Assignment >> Starting with the line that contains "Crash Course in Transcription" and stopping after the line that contains "The turret –", return each line below exactly as written, with no others.

Material for the task >>
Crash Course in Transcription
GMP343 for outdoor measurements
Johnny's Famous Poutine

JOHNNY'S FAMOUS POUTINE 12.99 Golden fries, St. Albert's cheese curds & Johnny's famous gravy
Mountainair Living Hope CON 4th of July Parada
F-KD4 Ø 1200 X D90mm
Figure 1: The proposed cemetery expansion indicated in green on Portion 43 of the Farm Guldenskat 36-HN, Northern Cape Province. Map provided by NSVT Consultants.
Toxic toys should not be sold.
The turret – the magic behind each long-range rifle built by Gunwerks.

...

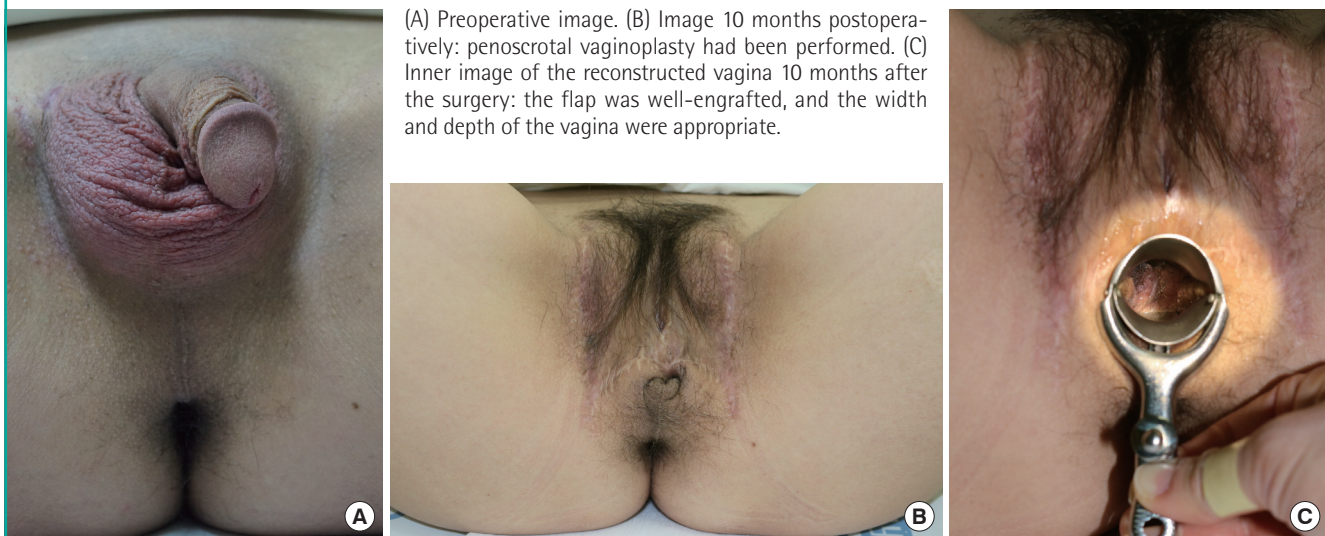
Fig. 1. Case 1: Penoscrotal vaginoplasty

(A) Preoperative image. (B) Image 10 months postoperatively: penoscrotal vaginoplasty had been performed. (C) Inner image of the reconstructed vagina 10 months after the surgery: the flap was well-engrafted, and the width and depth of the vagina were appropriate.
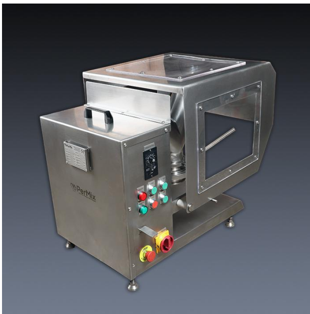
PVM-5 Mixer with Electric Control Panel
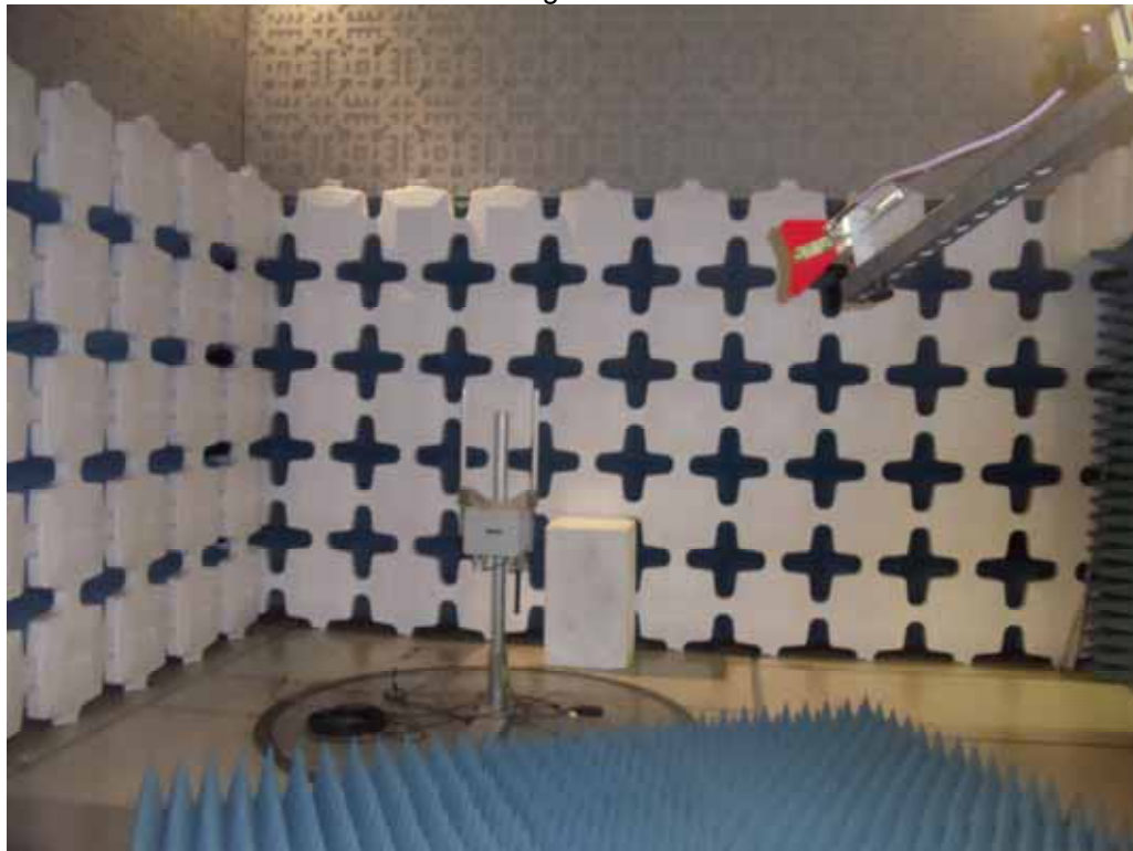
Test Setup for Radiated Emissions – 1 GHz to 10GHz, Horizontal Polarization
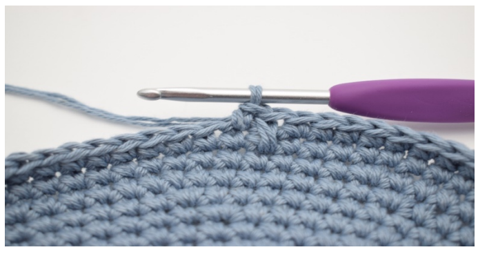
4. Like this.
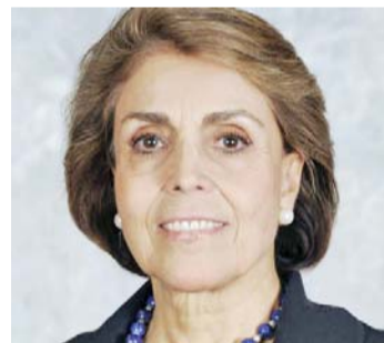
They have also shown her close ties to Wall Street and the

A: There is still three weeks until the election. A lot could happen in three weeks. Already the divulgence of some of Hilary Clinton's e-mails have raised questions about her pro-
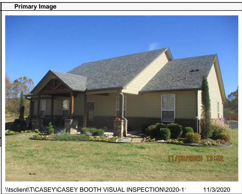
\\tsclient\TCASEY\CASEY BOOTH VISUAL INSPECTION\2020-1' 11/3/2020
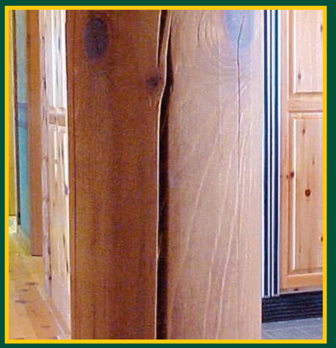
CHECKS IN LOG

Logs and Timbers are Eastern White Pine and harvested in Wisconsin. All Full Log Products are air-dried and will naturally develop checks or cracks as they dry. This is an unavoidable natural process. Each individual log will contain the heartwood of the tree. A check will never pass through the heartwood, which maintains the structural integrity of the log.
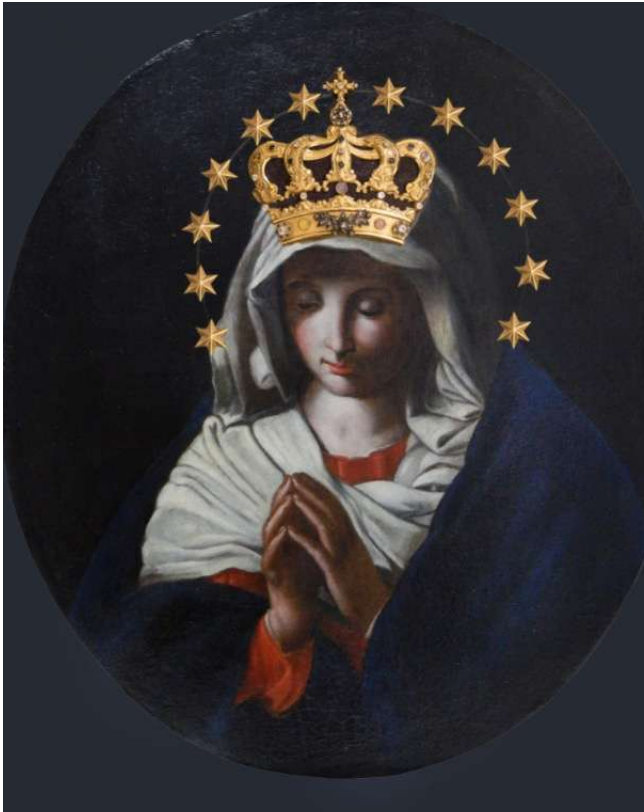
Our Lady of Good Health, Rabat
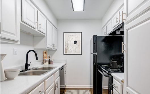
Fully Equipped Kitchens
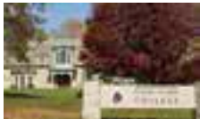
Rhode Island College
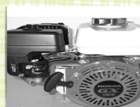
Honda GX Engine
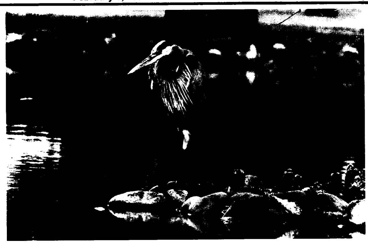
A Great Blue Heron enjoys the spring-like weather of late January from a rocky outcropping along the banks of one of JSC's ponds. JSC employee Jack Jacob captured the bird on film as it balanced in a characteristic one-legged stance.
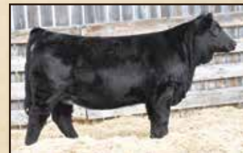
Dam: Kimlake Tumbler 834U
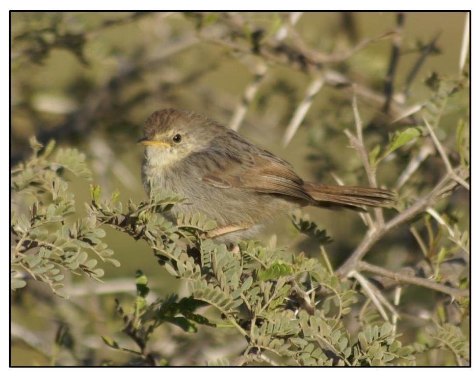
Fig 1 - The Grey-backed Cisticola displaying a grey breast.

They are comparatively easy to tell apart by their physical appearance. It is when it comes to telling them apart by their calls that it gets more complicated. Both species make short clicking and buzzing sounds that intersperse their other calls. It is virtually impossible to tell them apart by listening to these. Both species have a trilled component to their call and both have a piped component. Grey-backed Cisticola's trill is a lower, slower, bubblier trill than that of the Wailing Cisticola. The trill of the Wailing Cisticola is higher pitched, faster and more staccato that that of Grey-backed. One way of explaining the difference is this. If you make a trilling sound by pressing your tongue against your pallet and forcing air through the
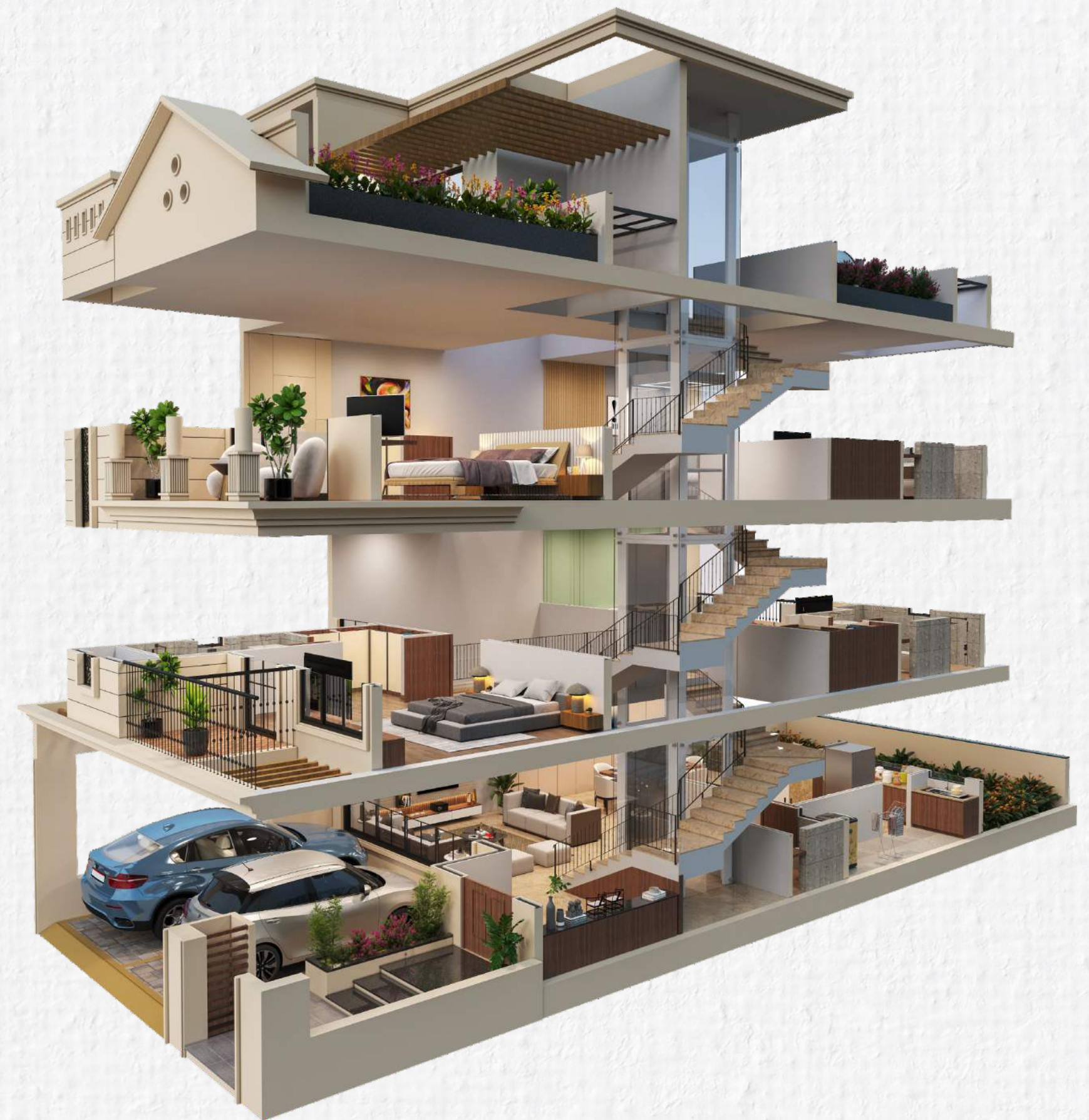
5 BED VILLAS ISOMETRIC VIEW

Response to this task >>
Crash Course in Transcription
GMP343 for outdoor measurements
Johnny's Famous Poutine

JOHNNY'S FAMOUS POUTINE 12.99 Golden fries, St. Albert's cheese curds & Johnny's famous gravy
Mountainair Living Hope CON 4th of July Parada
F-KD4 Ø 1200 X D90mm
Figure 1: The proposed cemetery expansion indicated in green on Portion 43 of the Farm Guldenskat 36-HN, Northern Cape Province. Map provided by NSVT Consultants.
Toxic toys should not be sold.
The turret – the magic behind each long-range rifle built by Gunwerks.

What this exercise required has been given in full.